▸ **Assignment**
Beginning at the top of the entries below, retype each line exactly until the line containing "Elegant Teal Blue" has been written out; include no pictures and no later lines.

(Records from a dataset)
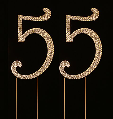 - MULTIPLE USES AND A KEEPSAKE: Use this as a cake topper for 55th birthday or anniversary, a centerpiece, part of a floral arrangement or place setting. Remove the metal prongs after the party and save this as a keepsake. This is a must have bling cake topper for your birthday or anniversary party decoration.
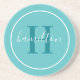 Elegant Teal Blue Round Monogram Script Coaster
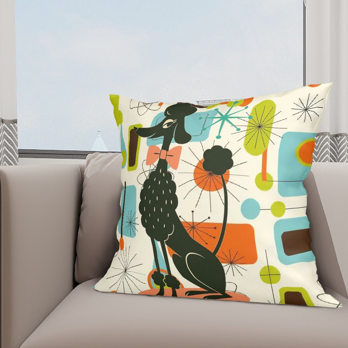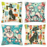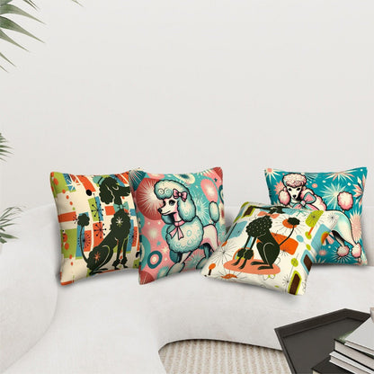 Bring your sofa to life with this fab set of four poodle pillow covers! Each cover features a different mid-century modern poodle illustration, bursting with starbursts, atomic shapes, and retro charm. Perfect for adding playful kitsch to your home. Pillow covers only, insert not included.
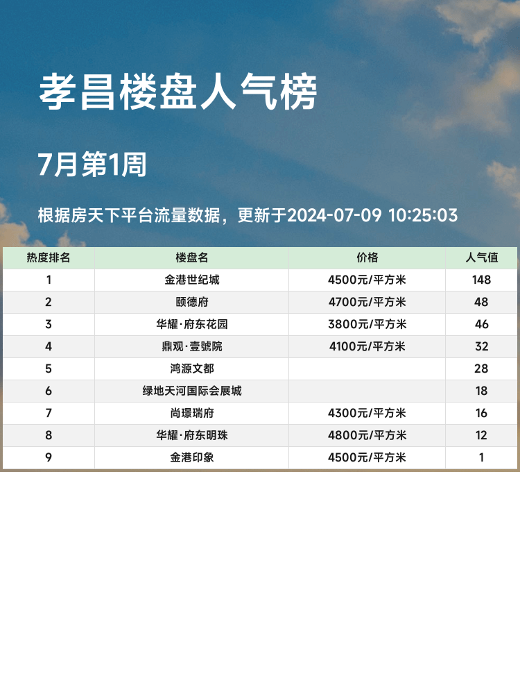 买房选房是件大事,尤其是在当前市场环境下,了解哪些楼盘最受欢迎显得尤为重要。人气楼盘榜单不仅反映了市场的热度,还可以为购房者提供有价值的参考信息。为了帮助大家更好地做出选择,今天为大家带来孝昌区域人气楼盘榜单,来看看哪些楼盘值得关注吧!
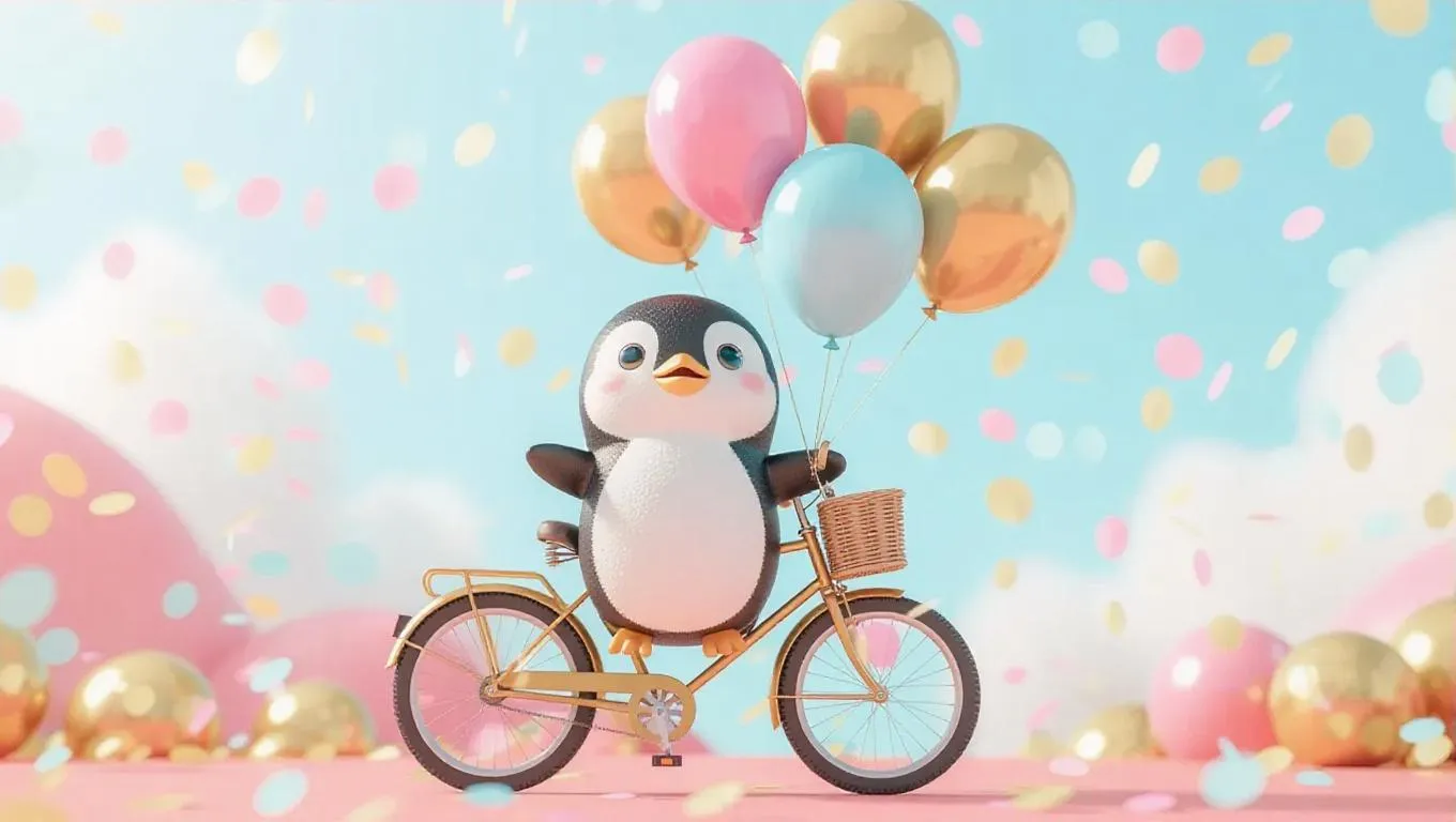 A cheerful cartoon scene featuring a cute penguin selling colorful balloons from his bicycle, the balloons are fuchsia, sky blue, and gold, floating playfully above him, creating a whimsical and soft atmosphere.

▸ **Solution to the problem**
 - MULTIPLE USES AND A KEEPSAKE: Use this as a cake topper for 55th birthday or anniversary, a centerpiece, part of a floral arrangement or place setting. Remove the metal prongs after the party and save this as a keepsake. This is a must have bling cake topper for your birthday or anniversary party decoration.
 Elegant Teal Blue Round Monogram Script Coaster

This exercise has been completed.